Notes and Gotchas

  • The different Regular Expression dialects don't all have the same features, and those features don't all work the same way. I've tried to standardize these as best I can and use reasonable names for all the elements. If you're confused by something not working as expected, check your dialect's documentation for details.
  • Be careful to call methods on the entire pattern: chunk + word.str() is not the same as (chunk + word).str().
  • In regular regex, a lot of random things capture groups for no apparent reason. All regexes in EZRegex intentionally capture passively, so to capture any groups, use group(), with the optional name parameter.
    • The name parameter is keyword only, for clarity, and for complicated internal reasons.
  • EZRegexs are not particularly compact. They're designed to be functional and accurate, but they're not going to be as compact as a handwritten regex.
  • All EZRegexs (except for raw) auto-sanitize strings given to them, so there's no need to escape characters or use r strings. This does mean, however, that you cannot pass actual regex strings to any of them, as they'll think you're talking about it literally (unless you want that, of course). To include already written regex strings, use raw
  • The pattern parameters can accept strings, other EZRegexs, or entire sequences of EZRegex patterns. It can also accept things that can be cast to a string, but it won't sanitize them when it does and will throw a warning, so it's better to cast to a string yourself.
  • Note that I have both camelCase and snake_case versions of each of the EZRegexs, because different languages have different conventions.
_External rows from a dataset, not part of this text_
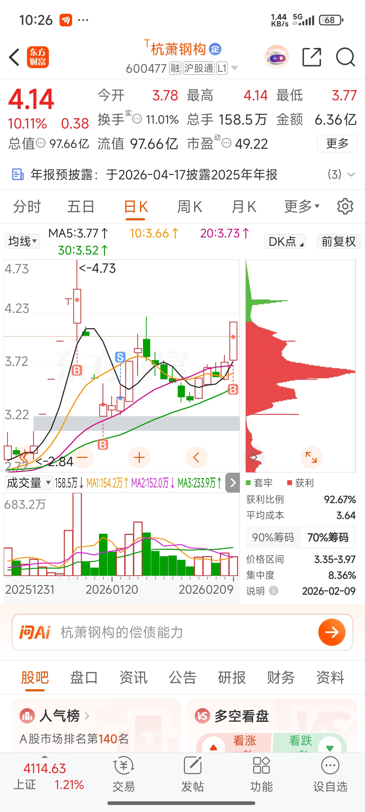 $杭萧钢构(SH600477)$ 我胡汉三又回来了,鬼使神差加了自选,今天ai又又又一次让人失望了,这票今天算光伏电池跟风,抛压大,但是从形态上看有主动性,看今明两个涨停能不能硬吃套牢盘,这样有新高浪的机会
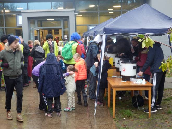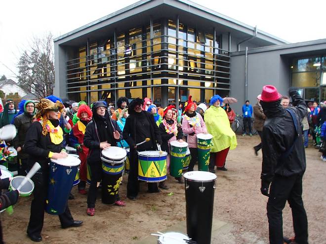 Schule "An den Teichwiesen" 11.43 Uhr Die Sambaschule Volksdorf war trotz Regen wieder mit dabei und sorgte für gute Stimmung, auch wenn die Mehrzahl der Läufer doch lieber in der Schule auf den Start wartete. |
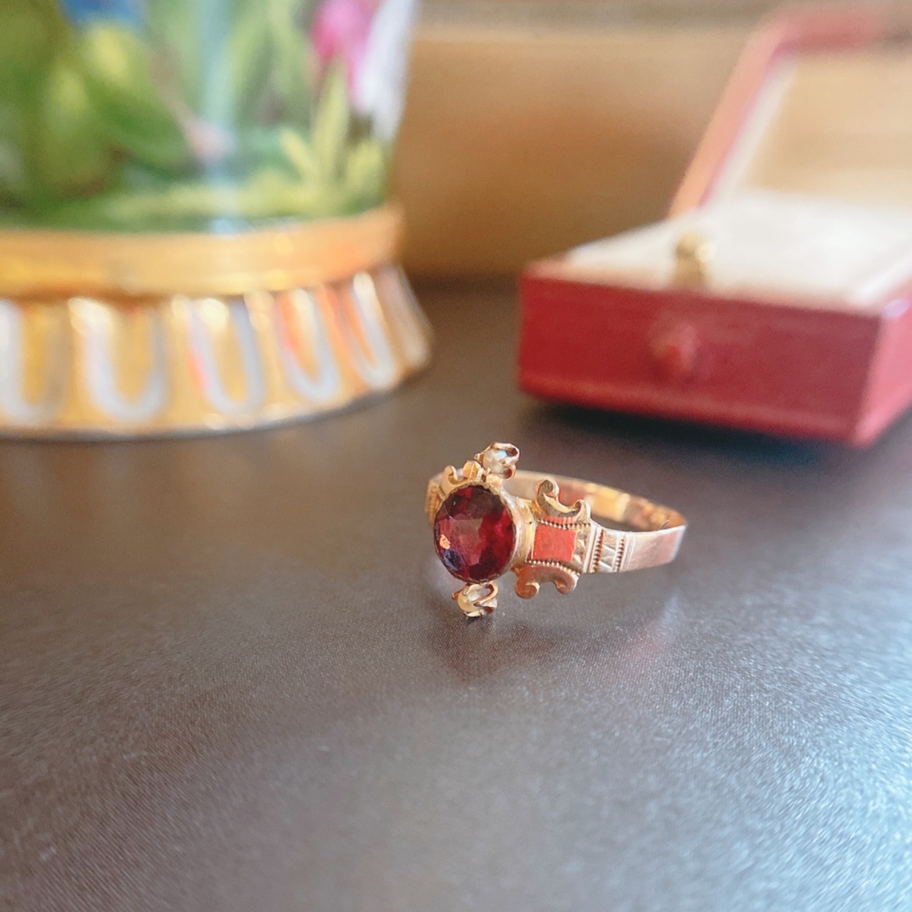 透明感のあるロゼワインのようなカラーが美しいロードライトガーネットのヴィクトリアンリングのご紹介です。

Both versions function identically. There's also additional names for some of the EZRegexs, see psuedonyms.py for specifics.
  • The invert function can accept any regular expression, not just EZRegex expressions, if you want to use it independently of the rest of the library. It can only invert Python regexs, however.
  • When using EZRegexs that modify an existing chain, they modify up to the last use of the . operator. For example:
    • digit + whitechunk.opt == digit + optional(whitepace)
    • digit.whitechunk.opt == optional(digit + whitechunk)
  • whitespace is an alias for whitechunk (\s+), and not white_char (\s)
  • Due to the code structure of the library types hints and docstrings are impossible. Refer to the documentation for details.
  • EZRegexs are immutible

lazy_check_params

The EZRegex class has a class member called lazy_check_params which, when enabled, delays parameter checking until the regex is compiled. Usually, all parameters are checked against their functions using inspect.signature. Turning this on can be useful for performance, in theory, but I can't think of a practical situation you would legitimately need to use it. But it's there if you want it.